■ **Data for the task**
- Opening Delimiter -

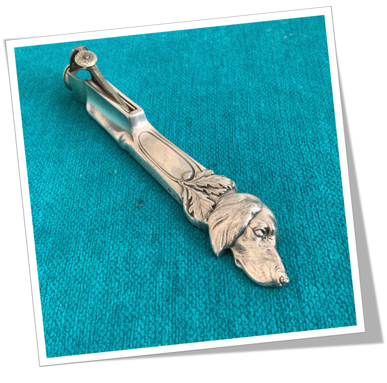 Coupe-Cigare de table Manche zoomorphe en laiton argenté, moulé et texturé avec relief d’un chien de chasse. Agrémenté d’un décor floral autour d’un cartouche vierge. En acier. Manche long agrémenté d’une tête ancienne de type Cat-Eye (V-Cut) rehaussée d’un bouton circulaire. 16cm.
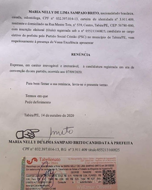 Já havia desistido de fato, não de direito. A notícia da retirada da candidatura de Nelly explodiu no blog em 14 de outubro. Ela havia definido ser candidata a vice de Dinca Brandino.
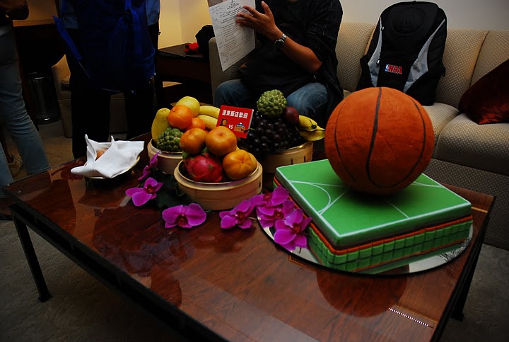 *遠東飯店特別製作籃球、球場蛋糕,以及搭配台灣珍貴的水果特產,做為迎賓佳禮。
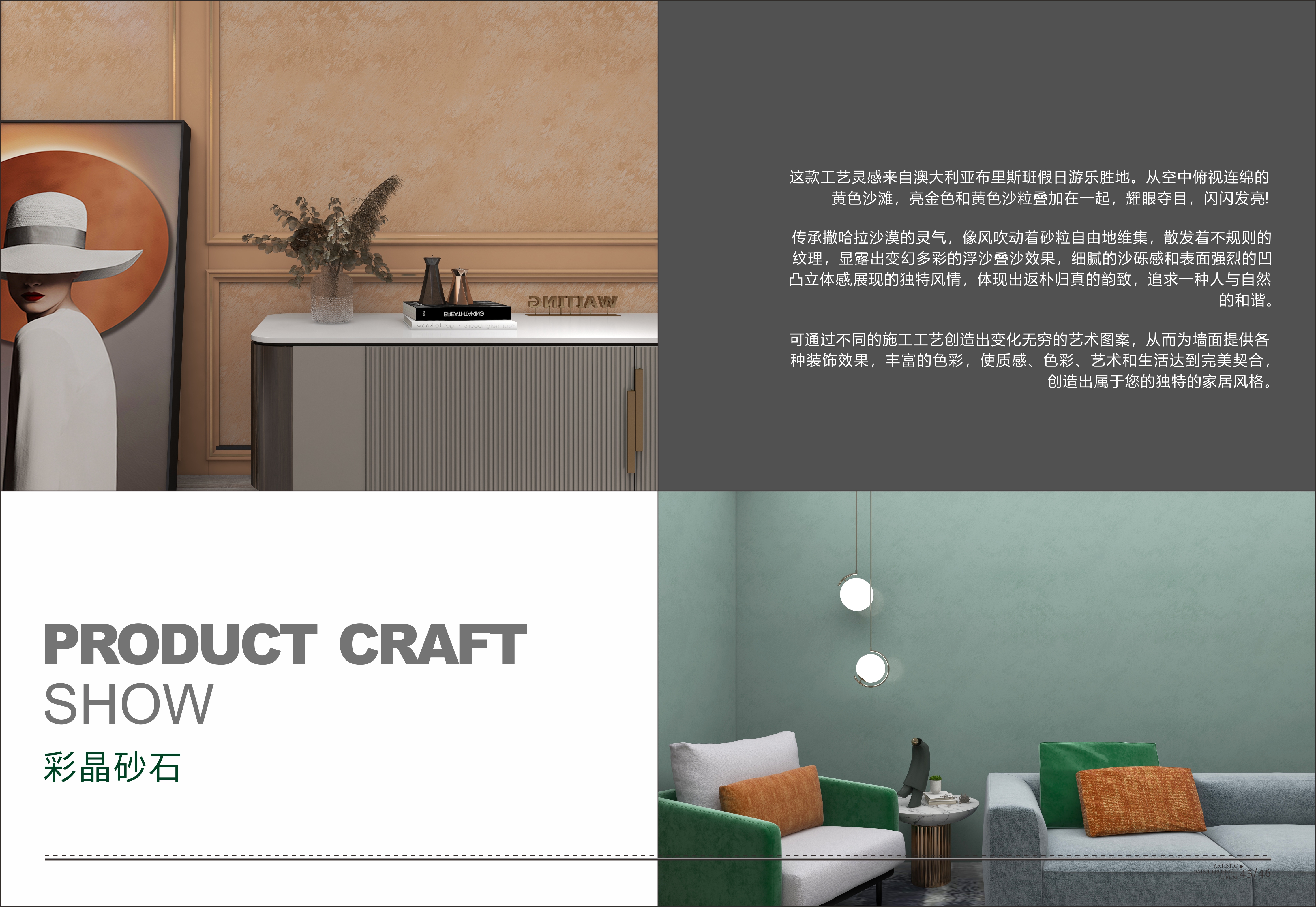 彩晶砂石系列如皚皚白雪地,肆意散落的印記,若隱若現,忽明忽暗,超然于物外,給這個焦躁不安時代留守最后一寸純凈空間。
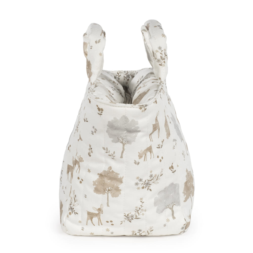 Il beauty case per bebé Nara di Pasito a Pasito, realizzato in 100% cotone con una delicata stampa di cervi e alberi in tonalità neutre, è una piccola borsa pensata appositamente per trasportare tutti i prodotti per la cura del bambino quando si è fuori casa. È un modello unico, dallo stile raffinato, progettato per adattarsi perfettamente alle esigenze quotidiane. Il suo design semplice, elegante e pratico offre uno spazio compatto ma ben organizzato, ideale per contenere gli elementi essenziali per l’igiene del bebé, come pettini, lozioni e altri piccoli oggetti che spesso si perdono all’interno della borsa maternità. Dispone di una chiusura con zip per un’apertura facile e veloce.

- Closing Delimiter -

■ **What the task asks**
All that is needed here is the run of lines from the one containing "Já havia desistido" through the end of the material above, reproduced exactly and without pictures.

■ **Your solution**
 Já havia desistido de fato, não de direito. A notícia da retirada da candidatura de Nelly explodiu no blog em 14 de outubro. Ela havia definido ser candidata a vice de Dinca Brandino.
 *遠東飯店特別製作籃球、球場蛋糕,以及搭配台灣珍貴的水果特產,做為迎賓佳禮。
 彩晶砂石系列如皚皚白雪地,肆意散落的印記,若隱若現,忽明忽暗,超然于物外,給這個焦躁不安時代留守最后一寸純凈空間。
 Il beauty case per bebé Nara di Pasito a Pasito, realizzato in 100% cotone con una delicata stampa di cervi e alberi in tonalità neutre, è una piccola borsa pensata appositamente per trasportare tutti i prodotti per la cura del bambino quando si è fuori casa. È un modello unico, dallo stile raffinato, progettato per adattarsi perfettamente alle esigenze quotidiane. Il suo design semplice, elegante e pratico offre uno spazio compatto ma ben organizzato, ideale per contenere gli elementi essenziali per l’igiene del bebé, come pettini, lozioni e altri piccoli oggetti che spesso si perdono all’interno della borsa maternità. Dispone di una chiusura con zip per un’apertura facile e veloce.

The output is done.